Не говоря лишних слов Роберт Александрович, забрал бутылку. Поставил на место. Усадил свою девочку за стол, сам сел напротив и сказал:
— Что случилось, милая моя?
— Мне 25, я беременна от мужчины, который поспешил вспомнить, что у него семья, нормальной работы нет и, похоже, не будет. Ты считаешь, у меня нет причин запить?
Из всех его детей именно младшая была его ясным солнышком. С рождения, когда ее мать вытаскивали после тяжелейших родов врачи, а отец крутился дома с младенцем и старшими, между ним и маленьким пищащим комочком, образовалась та связь, которая наполнила совершенно новым светом всю жизнь мужчины. Отцом его сделала Вика. Четвертая, поздняя, так трудно давшаяся всей семье. И невозможно обожаемая девочка-счастье.

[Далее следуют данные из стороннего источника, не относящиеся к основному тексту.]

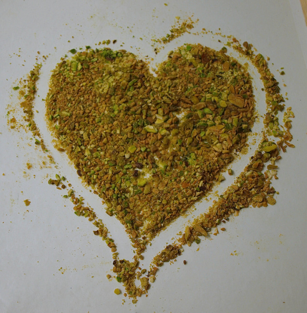 Next, the crushed pistachio pieces to roll the balls in which is optional but a nice touch. On a flat surface, I placed two peices of wax paper with about 1/4-1/3 cup pistachio's in between and used a rolling pin to smash the pistachio's, as shown above, in a somewhat rough crushing, leaving some large and mostly small pieces. Roll your balls on the nuts and store in airtight container. They will keep in the fridge for a couple weeks and last even longer in the freezer. You can always make these ahead for special occasions.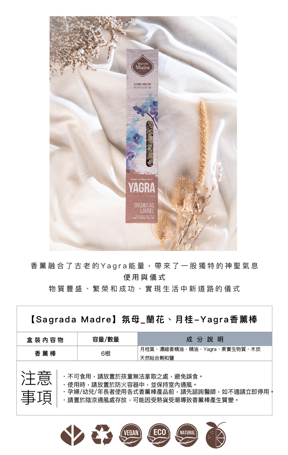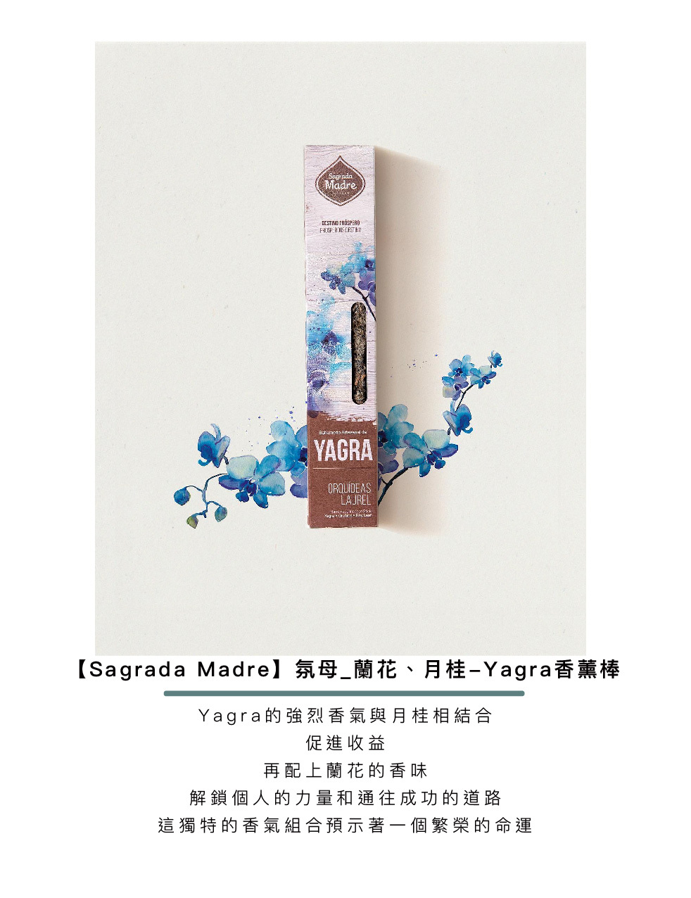 Yagra的強大香氣與月桂葉結合,促進收穫,當與蘭花的芬芳混合時,開啟個人力量之門,為成功鋪平道路。這種獨特的香氣混合承諾一個繁榮的命運。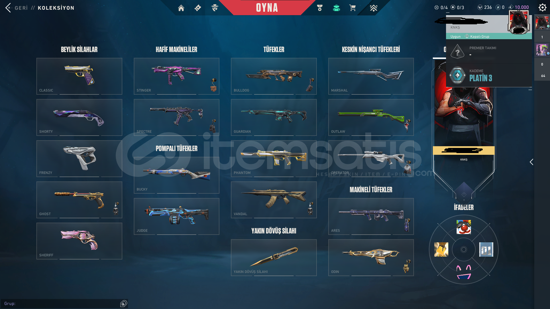 Total 167450 VP HARCANDIPeak Rank: DIAMOND 3Bıçak :Araxys Bio-Atomizers, SplashX Gloves, Reaver Knife, Arcane Gauntlets, Reaver Karambit, Gaia's Fury, VCT 2025 Karambit, Champions 2025 Butterfly Knife, Bubblegum Deathwish Chainsaw, Eternal Sovereign, Xenohunter KnifeVandal :Gaia's Vengeance Vandal, Cryostasis Vandal, Magepunk Vandal, Valiant Hero Vandal, Prelude to Chaos Vandal, SplashX Vandal, Aemondir Vandal, Ion Vandal, Singularity Vandal, EX.O Vandal, Champions 2025 Vandal, Senti...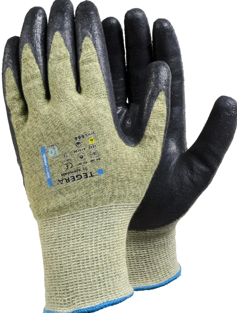 Kuvaus: Vettä ja öljyä hylkivä kämmenosa, kestää kosketuslämpöä jopa 100°c saakka, hengittävä kämmenselkä, viiltosuoja EN 388:2003 tason 5 mukaan, viiltosuoja EN 388:2016 tason C mukaan, viiltosuoja EN 388:2016 tason D mukaan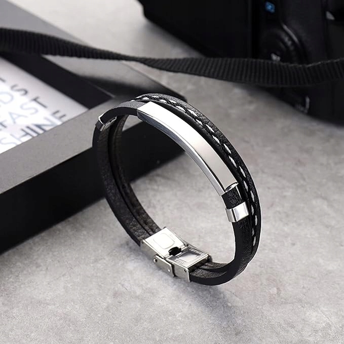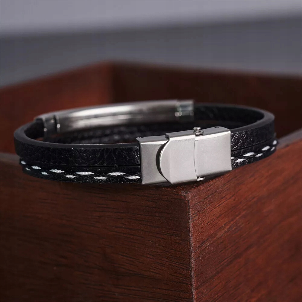 Bransoletka Męska Skórzana Czarna Stal z Grawerem Regulowana Srebrna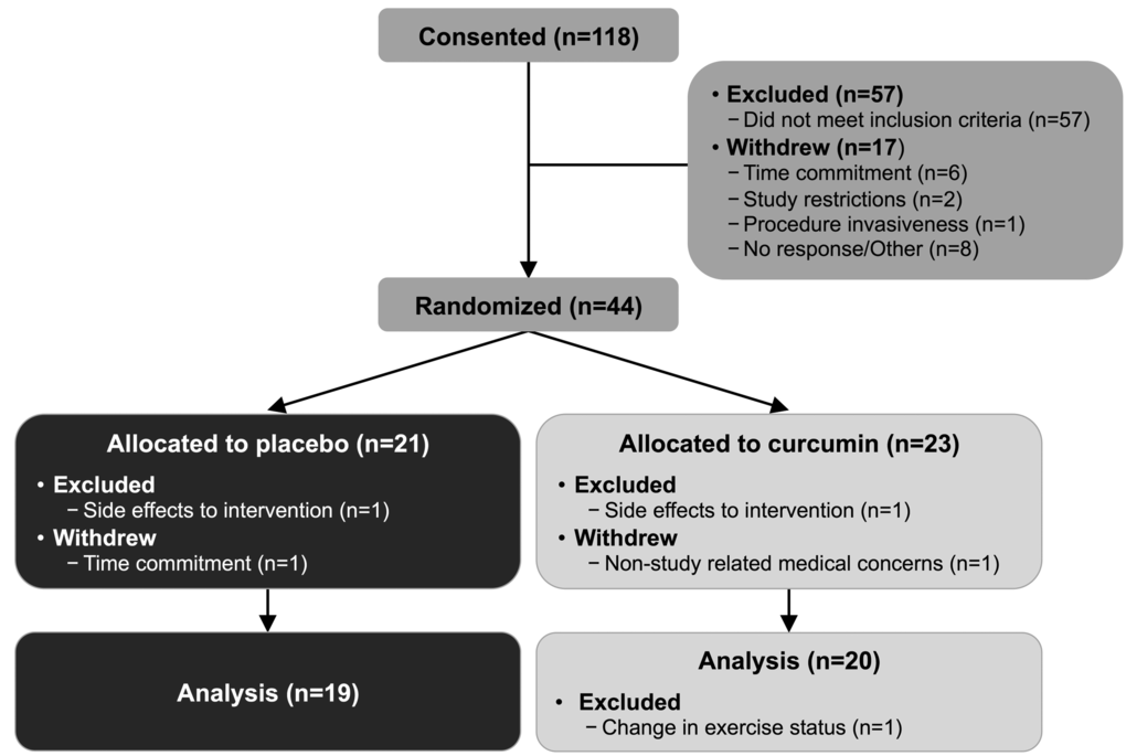 One hundred and eighteen participants were consented for the study. Fifty-seven individuals did not meet inclusion criteria. Seventeen individuals withdrew from the study prior to randomization due to the time commitment (n=6), study restrictions (n=2), procedure invasiveness (n=1), or did not respond to scheduling requests (n=8). Twenty-one participants were randomized to the placebo group and twenty-three participants to the curcumin group. Two placebo group participants did not complete the study (excluded n=1, side effects: gastrointestinal discomfort; withdrew n=1, time commitment). Two curcumin group participants did not complete the study (excluded n=1, side effects: dizziness; withdrew n=1, non-study related medical concerns) and one participant was excluded from analysis due to a change in exercise status (Figure 1). Completed participants were of non-Hispanic Caucasian (n=32), non-Hispanic Asian (n=3), Hispanic Caucasian (n=2), non-Hispanic African American (n=1), or non-Hispanic American Indian/Alaskan (n=1) ethnicity.

Именно он больше всех в семье переживал и внутренне противился отъезду восемнадцатилетней девочки в далекую заокеанскую страну. После ее звонков с другого континента и убеждения, что она жива и здорова, взрыв ее никак не задел, Роберта увезли с сердечным приступом. Прошло много лет, а Вика так и не поняла, почему жужжали СМИ России об этом частном событии из частной жизни, не думая, конечно, что в московской квартире переживают двое уже не очень молодых людей, для которых это была не просто новость из далекой чужой страны, а информация про жизнь их ребенка. Когда она приехала однажды погостить домой и сказала, что скоро вернется насовсем, он даже был рад, что есть кто-то к кому ей захотелось вернуться, потому что любимая дочка снова была рядом.
И вот из-за этого постороннего их семье мужика его малышка грустит:
— Виконька, доченька, да это же счастье, что у тебя будет ребенок! Нас много! Мы все его ждем. А ты пытаешься делать глупости. И работа найдется. Однажды все проходит. Ты еще станешь великой. Мы все будем смотреть, как твои спортсмены выигрывают Олимпиады. И твой дурак, который не понимает, кого лишился!
— Дураку есть за чьими успехами наблюдать на олимпиадах, — горько сказала Вика и все-таки закинула стопку водки в желудок, — Что же мне делать, папочка?